- [ACTION ITEM] Drop the pictures, then extract the listing word for word.

- [DATA SECTION]
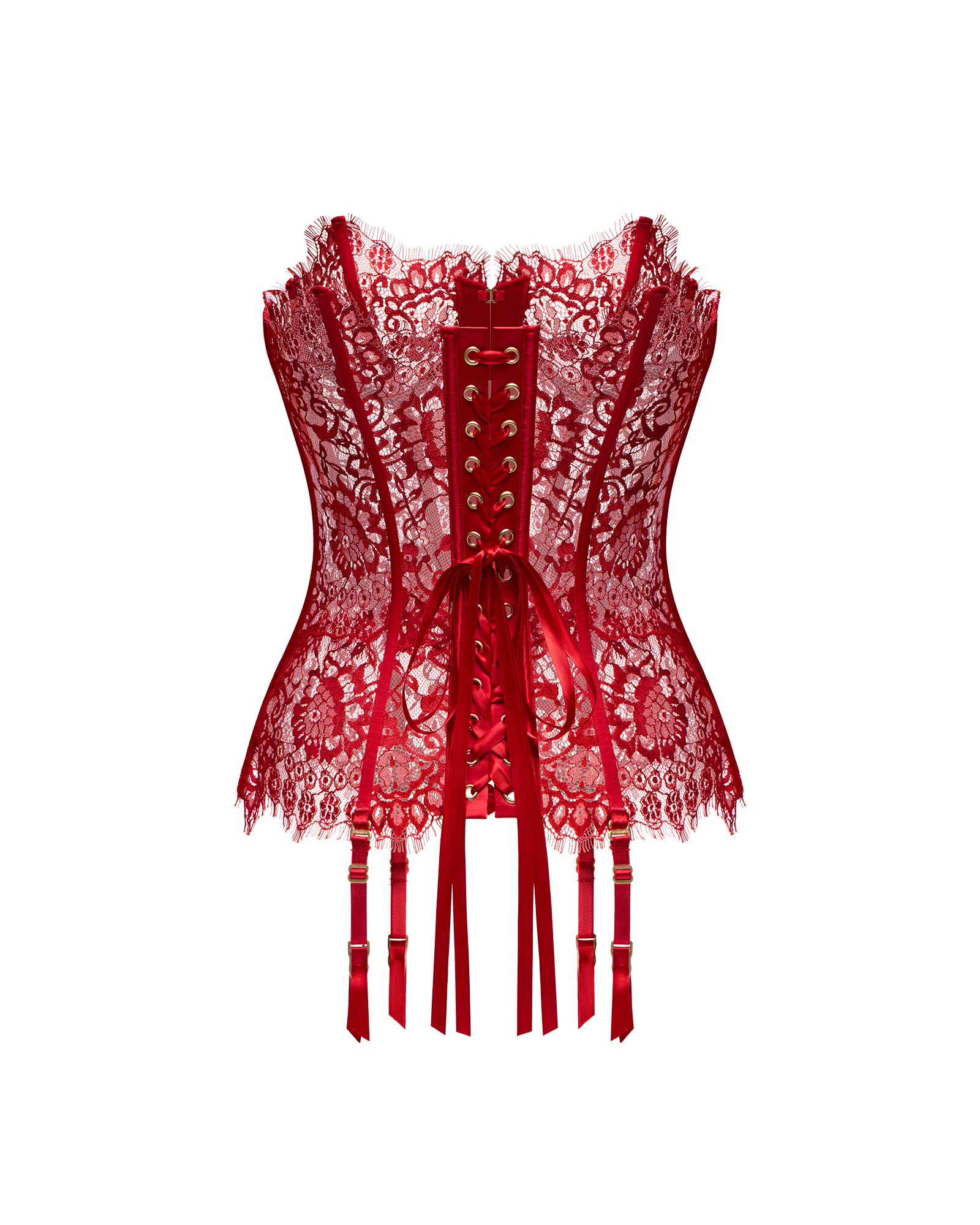 Корсет выполнен из французского кружева шантильи с выразительным ресничным краем. Плотный, объёмный и фактурный рисунок уверенно закрывает тело, сохраняя тонкую прозрачность и ощущение лёгкости. Кружево красиво работает в движении и подчёркивает архитектуру силуэта.
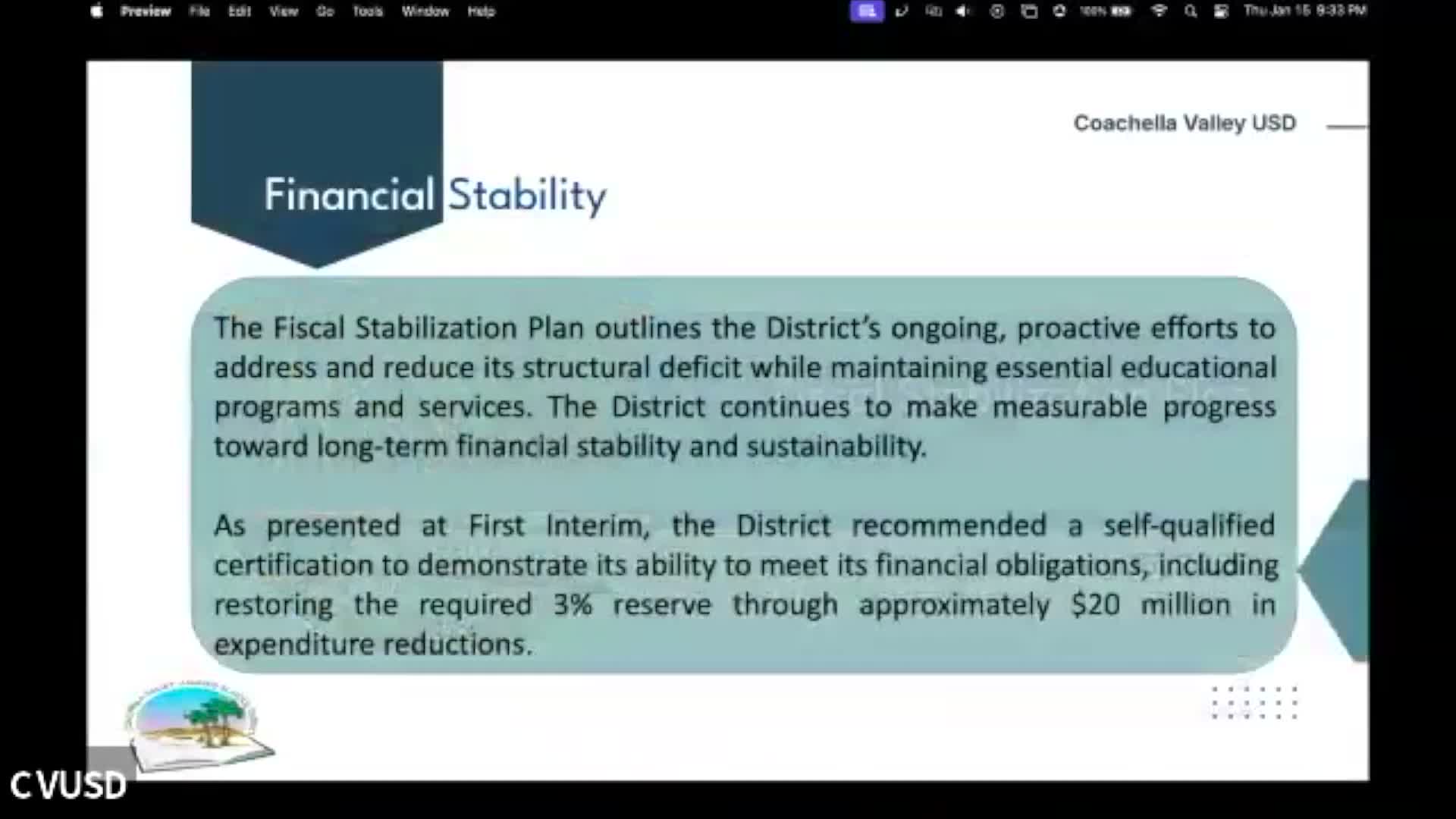 The Coachella Valley Unified School District presented an updated fiscal stabilization plan outlining three options to address a structural deficit, and trustees spent extended time debating which services to protect.
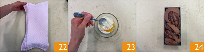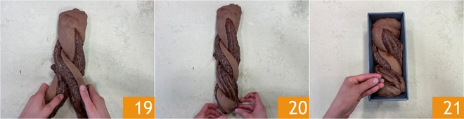 Continuez à créer le motif de tresse jusqu'à la fin 19 20. Placez la babka dans un moule haut de 8 cm, long de 26 cm et large de 11 cm. Ajoutez d'autres pépites de chocolat noir au goût même sur la surface 21.

- [FINISHED EXERCISE]
 Корсет выполнен из французского кружева шантильи с выразительным ресничным краем. Плотный, объёмный и фактурный рисунок уверенно закрывает тело, сохраняя тонкую прозрачность и ощущение лёгкости. Кружево красиво работает в движении и подчёркивает архитектуру силуэта.
 The Coachella Valley Unified School District presented an updated fiscal stabilization plan outlining three options to address a structural deficit, and trustees spent extended time debating which services to protect.
 Continuez à créer le motif de tresse jusqu'à la fin 19 20. Placez la babka dans un moule haut de 8 cm, long de 26 cm et large de 11 cm. Ajoutez d'autres pépites de chocolat noir au goût même sur la surface 21.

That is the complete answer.